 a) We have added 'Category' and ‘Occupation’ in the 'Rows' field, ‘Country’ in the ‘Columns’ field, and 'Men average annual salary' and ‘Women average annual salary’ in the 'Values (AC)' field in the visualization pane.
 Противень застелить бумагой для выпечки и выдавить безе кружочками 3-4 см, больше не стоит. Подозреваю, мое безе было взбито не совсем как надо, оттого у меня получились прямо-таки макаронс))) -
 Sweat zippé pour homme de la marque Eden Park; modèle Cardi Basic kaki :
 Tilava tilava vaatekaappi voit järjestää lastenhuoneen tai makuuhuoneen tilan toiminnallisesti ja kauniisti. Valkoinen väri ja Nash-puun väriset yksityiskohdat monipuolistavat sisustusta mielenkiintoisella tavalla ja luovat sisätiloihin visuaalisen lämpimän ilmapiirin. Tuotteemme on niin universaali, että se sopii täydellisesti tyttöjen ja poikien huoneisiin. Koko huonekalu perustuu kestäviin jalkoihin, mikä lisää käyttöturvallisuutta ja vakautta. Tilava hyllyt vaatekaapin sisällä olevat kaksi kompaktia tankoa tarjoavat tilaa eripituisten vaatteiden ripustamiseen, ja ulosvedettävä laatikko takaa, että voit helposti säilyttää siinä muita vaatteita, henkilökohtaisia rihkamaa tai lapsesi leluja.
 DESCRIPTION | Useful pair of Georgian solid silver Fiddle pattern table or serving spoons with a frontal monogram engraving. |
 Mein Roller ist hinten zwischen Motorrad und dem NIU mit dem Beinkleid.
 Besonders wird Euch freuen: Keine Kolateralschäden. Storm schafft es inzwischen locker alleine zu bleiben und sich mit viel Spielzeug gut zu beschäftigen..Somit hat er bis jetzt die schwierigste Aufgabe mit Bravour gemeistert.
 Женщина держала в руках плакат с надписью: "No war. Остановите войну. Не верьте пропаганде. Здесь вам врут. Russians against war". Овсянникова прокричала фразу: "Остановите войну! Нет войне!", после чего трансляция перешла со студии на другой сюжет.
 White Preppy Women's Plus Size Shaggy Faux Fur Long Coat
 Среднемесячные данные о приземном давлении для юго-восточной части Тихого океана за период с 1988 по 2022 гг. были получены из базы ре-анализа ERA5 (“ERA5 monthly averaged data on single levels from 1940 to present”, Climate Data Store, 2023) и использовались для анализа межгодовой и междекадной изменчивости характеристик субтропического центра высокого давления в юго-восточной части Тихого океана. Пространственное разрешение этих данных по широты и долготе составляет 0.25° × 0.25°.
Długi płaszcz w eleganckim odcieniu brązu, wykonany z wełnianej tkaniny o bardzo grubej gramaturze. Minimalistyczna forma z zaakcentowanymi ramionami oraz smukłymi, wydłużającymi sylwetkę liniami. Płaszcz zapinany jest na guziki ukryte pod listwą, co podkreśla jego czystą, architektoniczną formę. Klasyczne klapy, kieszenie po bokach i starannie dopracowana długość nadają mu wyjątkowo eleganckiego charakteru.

_Work task_.
Among the records above, only the lines between the line holding "White Preppy Women's" and the line holding "Среднемесячные данные о", inclusive, are to be output, exactly as written.

_Your solution_.
 White Preppy Women's Plus Size Shaggy Faux Fur Long Coat
 Среднемесячные данные о приземном давлении для юго-восточной части Тихого океана за период с 1988 по 2022 гг. были получены из базы ре-анализа ERA5 (“ERA5 monthly averaged data on single levels from 1940 to present”, Climate Data Store, 2023) и использовались для анализа межгодовой и междекадной изменчивости характеристик субтропического центра высокого давления в юго-восточной части Тихого океана. Пространственное разрешение этих данных по широты и долготе составляет 0.25° × 0.25°.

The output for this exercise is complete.